_SOURCE DATA_:
>>>

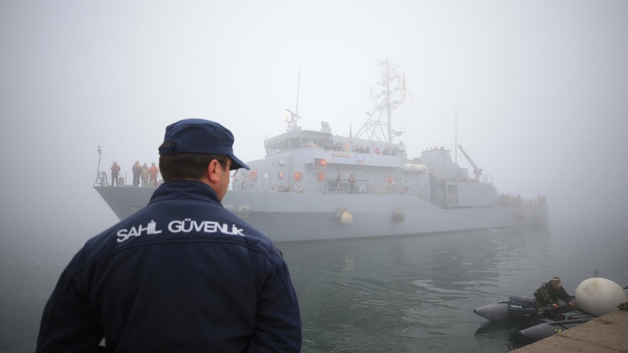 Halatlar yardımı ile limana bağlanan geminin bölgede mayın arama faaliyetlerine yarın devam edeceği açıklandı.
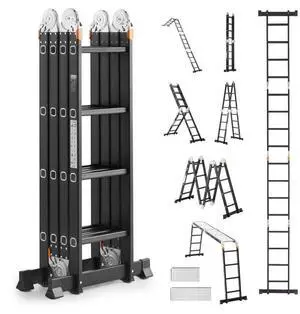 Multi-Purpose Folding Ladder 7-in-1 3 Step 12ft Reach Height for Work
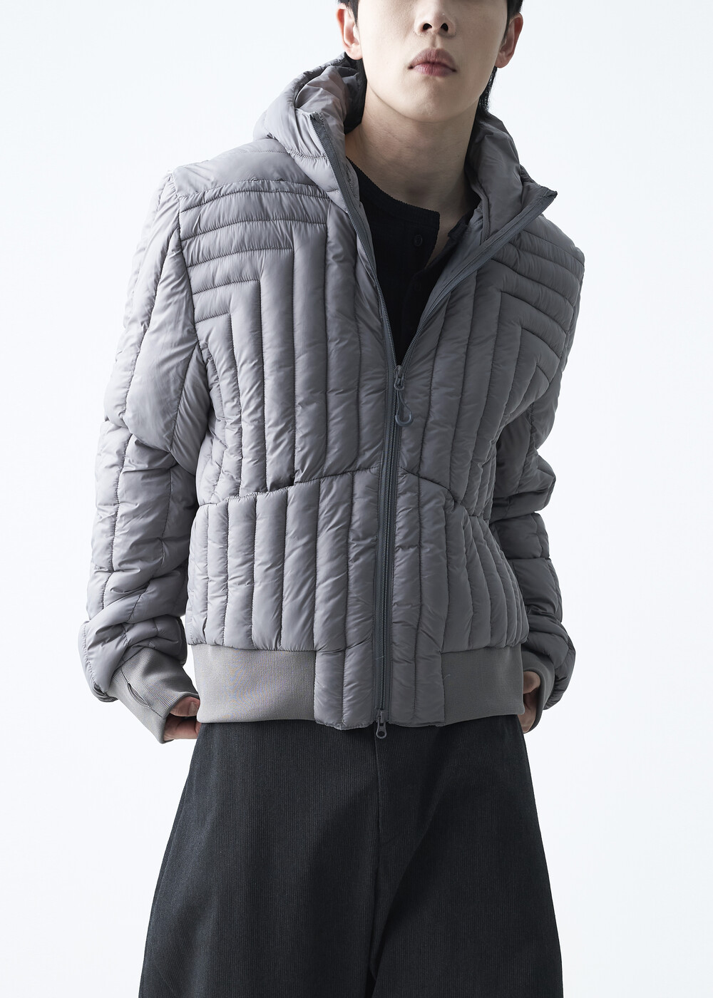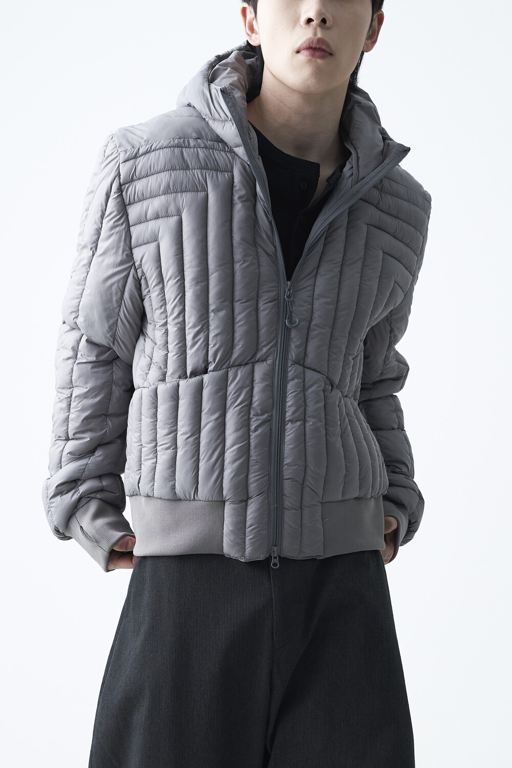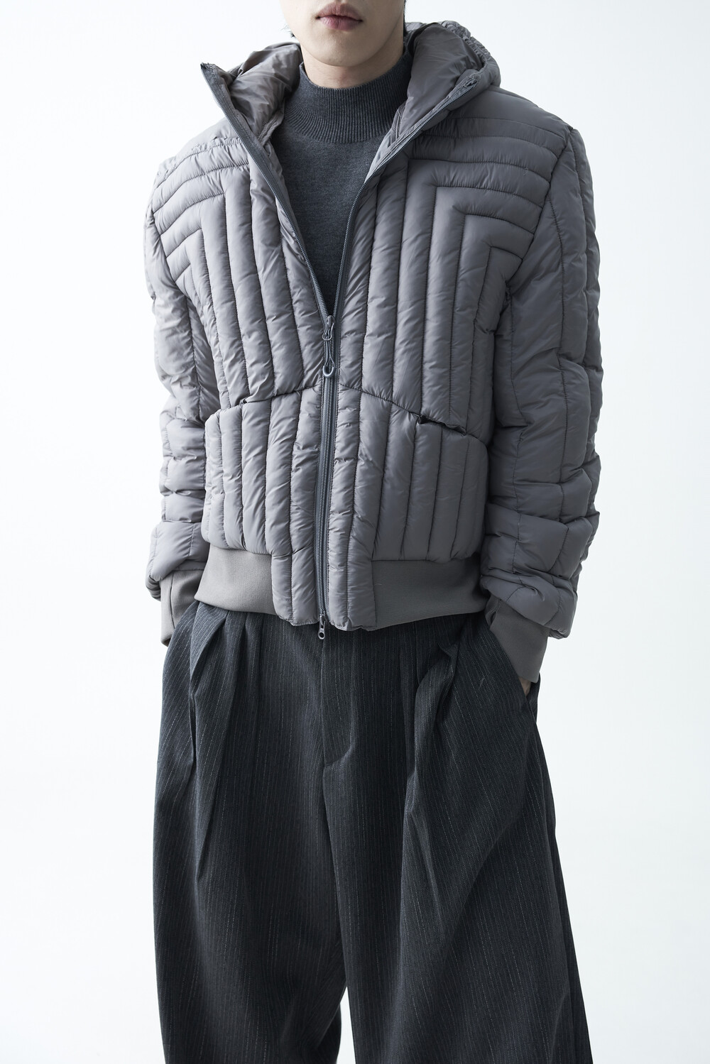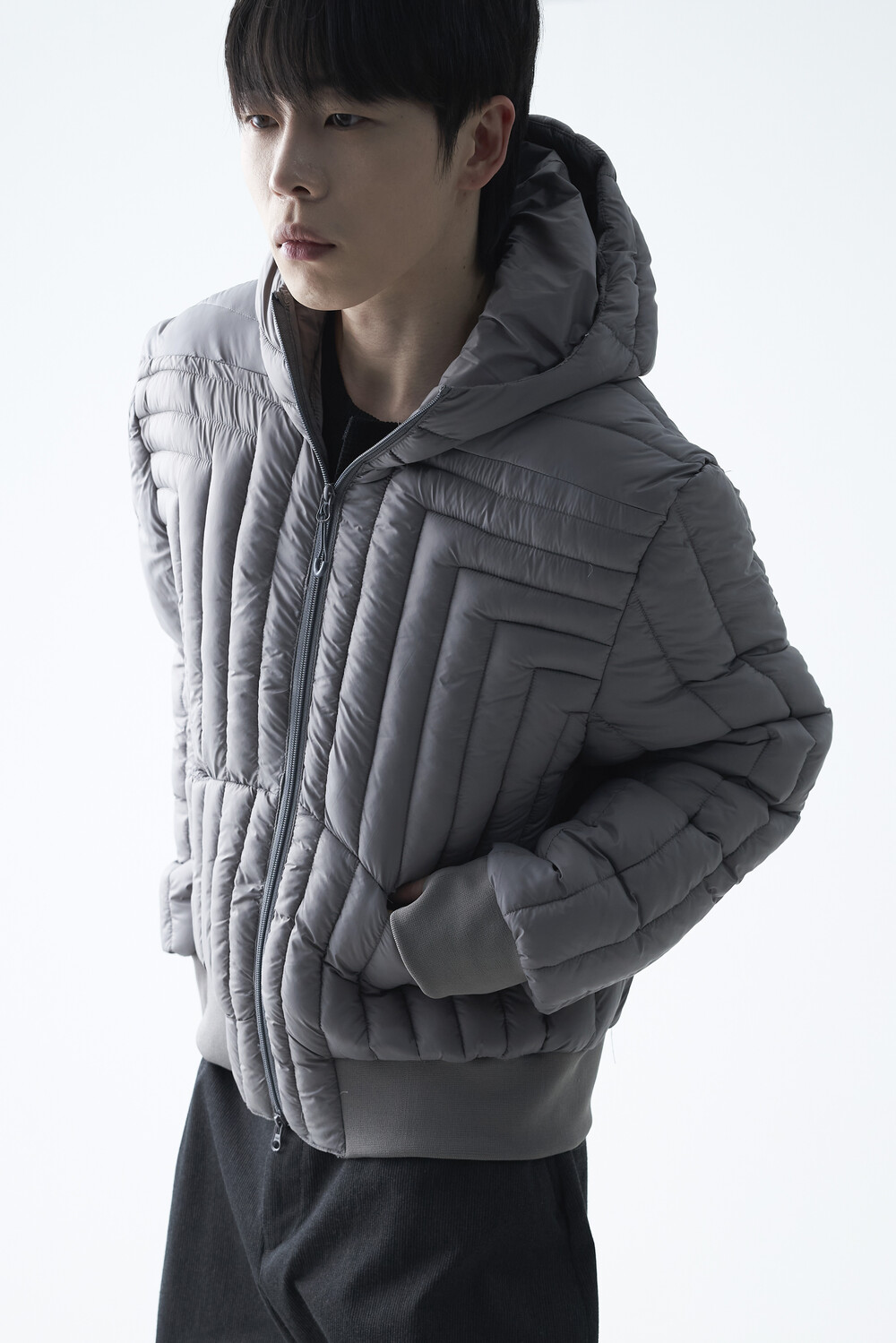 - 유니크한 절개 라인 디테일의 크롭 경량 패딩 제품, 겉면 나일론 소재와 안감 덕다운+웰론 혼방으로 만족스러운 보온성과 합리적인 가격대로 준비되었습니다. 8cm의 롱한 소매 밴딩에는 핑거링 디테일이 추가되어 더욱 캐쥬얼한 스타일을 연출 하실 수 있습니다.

<<<

_YOUR INSTRUCTIONS_: Reproduce the listing exactly. Do not include its images.

_THE COMPLETED TASK_:
 Halatlar yardımı ile limana bağlanan geminin bölgede mayın arama faaliyetlerine yarın devam edeceği açıklandı.
 Multi-Purpose Folding Ladder 7-in-1 3 Step 12ft Reach Height for Work
 - 유니크한 절개 라인 디테일의 크롭 경량 패딩 제품, 겉면 나일론 소재와 안감 덕다운+웰론 혼방으로 만족스러운 보온성과 합리적인 가격대로 준비되었습니다. 8cm의 롱한 소매 밴딩에는 핑거링 디테일이 추가되어 더욱 캐쥬얼한 스타일을 연출 하실 수 있습니다.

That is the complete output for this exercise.